_TASK OBJECTIVE_
Please count the lines in the entries below that include the word "from", and give only the number.

Dataset records
_ _ _

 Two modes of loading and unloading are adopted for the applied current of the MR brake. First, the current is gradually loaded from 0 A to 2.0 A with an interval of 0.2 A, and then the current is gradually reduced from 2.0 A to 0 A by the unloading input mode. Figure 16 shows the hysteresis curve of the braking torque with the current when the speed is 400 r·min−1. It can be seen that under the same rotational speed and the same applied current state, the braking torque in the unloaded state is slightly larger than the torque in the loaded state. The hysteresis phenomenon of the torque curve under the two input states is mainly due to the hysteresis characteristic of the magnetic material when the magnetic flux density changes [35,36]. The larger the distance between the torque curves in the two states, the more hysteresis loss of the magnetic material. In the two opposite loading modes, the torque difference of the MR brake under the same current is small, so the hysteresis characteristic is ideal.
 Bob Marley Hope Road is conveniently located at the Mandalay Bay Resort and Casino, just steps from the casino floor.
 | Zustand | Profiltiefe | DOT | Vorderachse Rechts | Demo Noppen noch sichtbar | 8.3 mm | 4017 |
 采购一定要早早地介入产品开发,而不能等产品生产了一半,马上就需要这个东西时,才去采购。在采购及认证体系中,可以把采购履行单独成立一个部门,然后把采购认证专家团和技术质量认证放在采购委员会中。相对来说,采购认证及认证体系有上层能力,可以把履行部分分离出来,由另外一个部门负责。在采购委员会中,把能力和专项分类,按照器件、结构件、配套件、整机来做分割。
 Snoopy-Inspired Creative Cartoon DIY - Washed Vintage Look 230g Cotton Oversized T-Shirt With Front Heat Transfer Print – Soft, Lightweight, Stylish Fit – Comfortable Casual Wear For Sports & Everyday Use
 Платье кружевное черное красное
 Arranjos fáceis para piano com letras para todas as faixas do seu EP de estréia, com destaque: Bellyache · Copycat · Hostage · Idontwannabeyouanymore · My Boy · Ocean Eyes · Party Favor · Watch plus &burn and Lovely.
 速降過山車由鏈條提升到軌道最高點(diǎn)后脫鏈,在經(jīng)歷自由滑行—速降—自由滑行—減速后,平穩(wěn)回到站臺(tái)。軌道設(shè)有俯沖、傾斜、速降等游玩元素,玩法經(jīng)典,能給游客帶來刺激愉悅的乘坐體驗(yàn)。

_ _ _

_PROBLEM SOLUTION_
2